アサヒグループホールディングス株式会社のプレスリリース
なお設備の運転開始は2020年10月を予定しています。
■CO2排出量削減のための新技術を工場に導入、実用化に向けた最終試験を開始
アサヒグループではCO2排出量削減を目指し、工場稼働のためのベース電力を確保できるよう、エネルギー変換効率の高い燃料電池による発電設備導入に取り組んできました。燃料電池のカーボンニュートラルな動力源として、ビール工場の排水処理化工程で発生するバイオガスを用いるため、2018年6月までにガスを高純度に精製するプロセスを開発しました。精製したバイオガスを用いて小規模のSOFCで発電する試験を実施、2019年5月には1万時間の連続発電に成功しています。
今回、世界最高クラスの発電効率を誇るMHPSのSOFC『MEGAMIE』をアサヒビール茨城工場に導入し、実用化に向けた最終試験を開始します。2017年より商用販売を開始した『MEGAMIE』は、通常都市ガスを燃料としてCO2発生量の少ないクリーンな電力および熱を供給するものですが、今回の事業ではビール工場排水由来バイオガスを燃料として利用する初めてのケースとなり、バイオガスの精製設備と組み合わせることで、大幅なCO2排出量の低減が期待できます。
事業完了までに、工場排水から得られるバイオガスを動力源とした燃料電池発電技術の確立を目指します。
■技術の社会実装をめざした具体策を検討
今後各社は技術の社会実装のために具体的なスキームを検討していきます。
アサヒグループでは、食品業界をはじめ技術を活用可能な業界へ幅広く普及させるため、今回の実証事業で得られたバイオガス精製や設備導入に必要な技術に関して、特許を取得することなく、可能な限り情報を公開して参ります。
MHPSでは、今回の実証事業より得られたデータをもとに、ビール工場はもとより、様々な未利用のエネルギー源を活用できる発電システムへの展開をはかります。
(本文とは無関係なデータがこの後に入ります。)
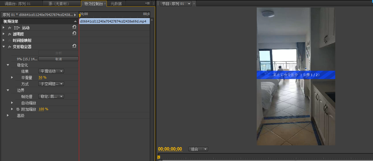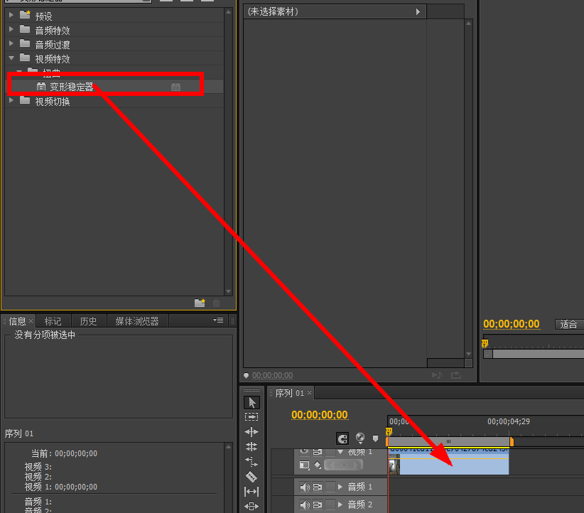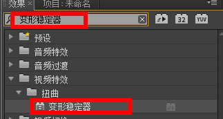 将变形稳定器效果拖入到视频中,
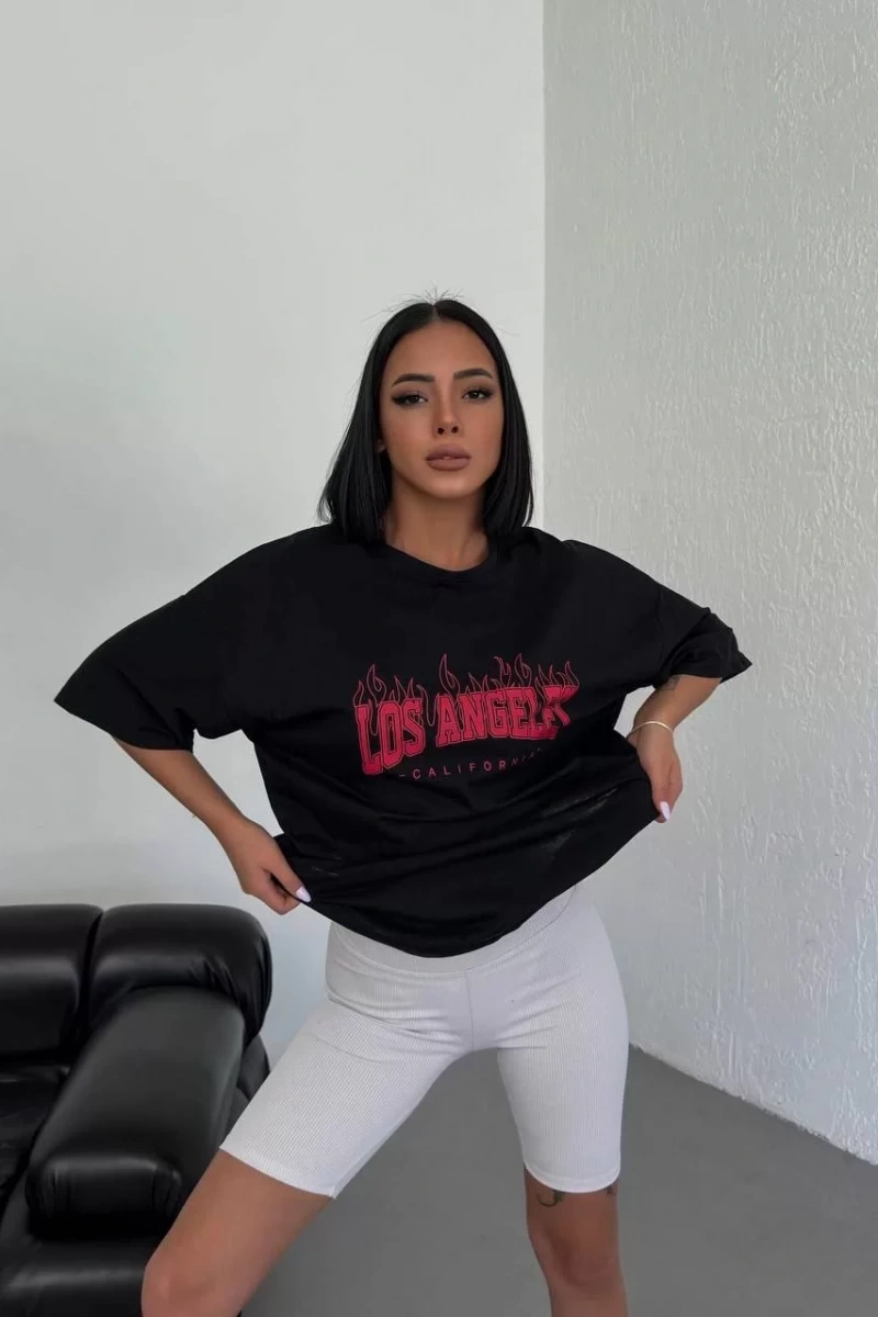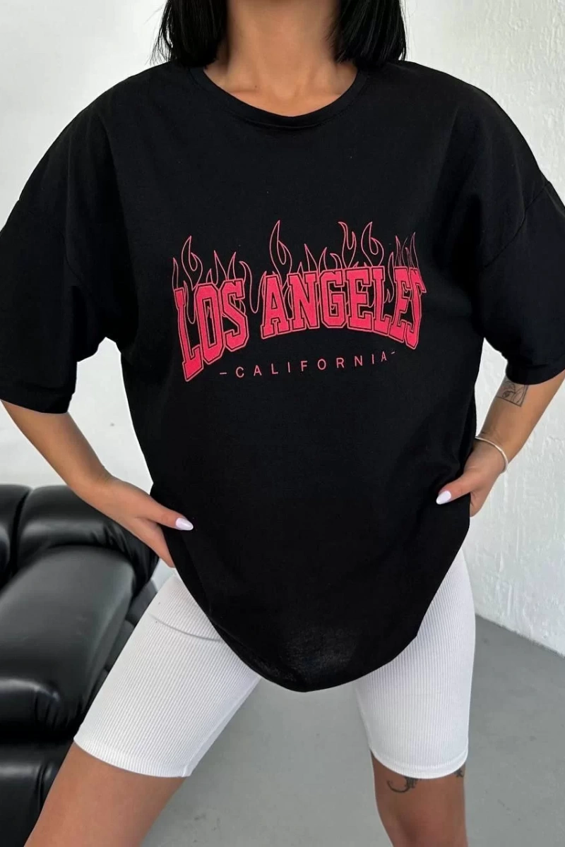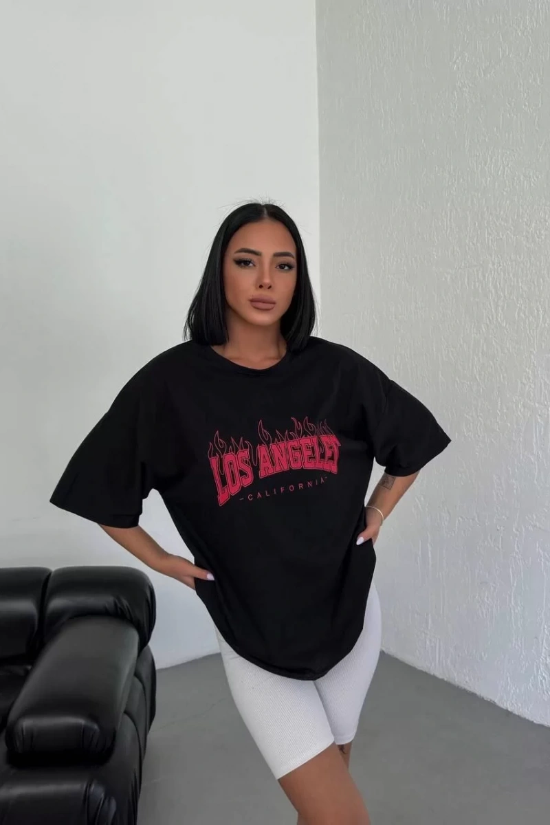 Unisex Bisiklet Yaka Baskılı Oversize T-Shirt - Siyah
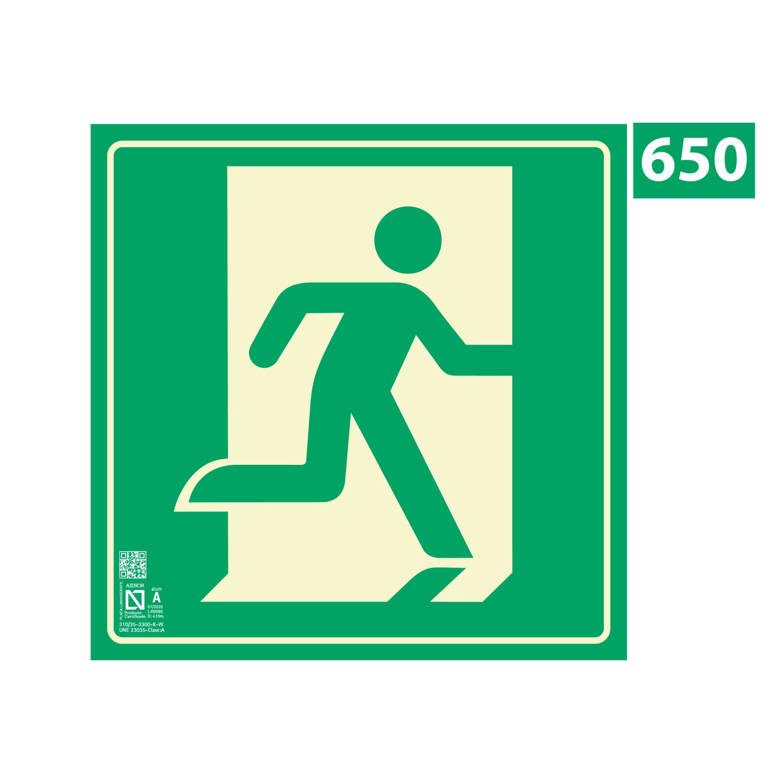 Señal fotoluminiscente, con protección UV y tratamiento antigrafiti según norma UNE 23-034-88.

また、『MEGAMIE』の性能や利便性のさらなる向上にも取り組み、脱炭素社会構築にふさわしいエネルギー創出に貢献していきます。
SMFLは、リースをはじめとする各種ファイナンスサービスを提供することで、設備投資にかかる資金提供や初期費用の抑制など、燃料電池の普及を支援していきます。
アサヒグループ、MHPS、SMFLは、それぞれの強みを活かし、SOFCをはじめとするCO2排出量削減のための技術開発、および普及を促進させ、持続可能な地球環境の実現に貢献していきます。
■参考:各社の環境への取り組み
アサヒグループでは、グループ理念“Asahi Group Philosophy”において、行動指針の一つとして「事業を通じた持続可能な社会への貢献」を掲げています。また「アサヒグループ環境ビジョン2050」においては、気候変動への対応として温室効果ガス排出量削減の中長期目標「アサヒカーボンゼロ」を設定し、2050年に温室効果ガス排出量をゼロとすることを目指しています。「アサヒカーボンゼロ」の達成を目指した取り組みの一貫として、これまでに、自立型水素エネルギー供給システムや、CO2分離回収試験装置を導入し、実証試験も行っています。今後も「自然の恵み」を享受しながら事業を営む企業として、様々な環境課題に対し積極的な取り組みを推進していくことで「自然の恵み」を次世代に引き継ぐことを目指していきます。
MHPSは「優れた技術・製品で社会に貢献する」という企業理念のもと、高効率な発電システムや資源の有効活用、環境負荷の低減を実現することができる製品を世界各国に数多く納入しており、電力の安定供給や環境負荷を抑えた発展に貢献しています。
SMFLは、再生可能エネルギーや省エネルギーの設備投資に様々なファイナンスサービスの提供や各種補助金の共同申請を行っています。また、再生可能エネルギー発電事業に参入するとともにオンサイトでの自家消費太陽光発電サービスを提供しています。クリーンエネルギーの普及促進や企業の脱炭素経営を支援するソリューションを提案することで、地球温暖化の防止と循環型社会の実現に貢献していきます。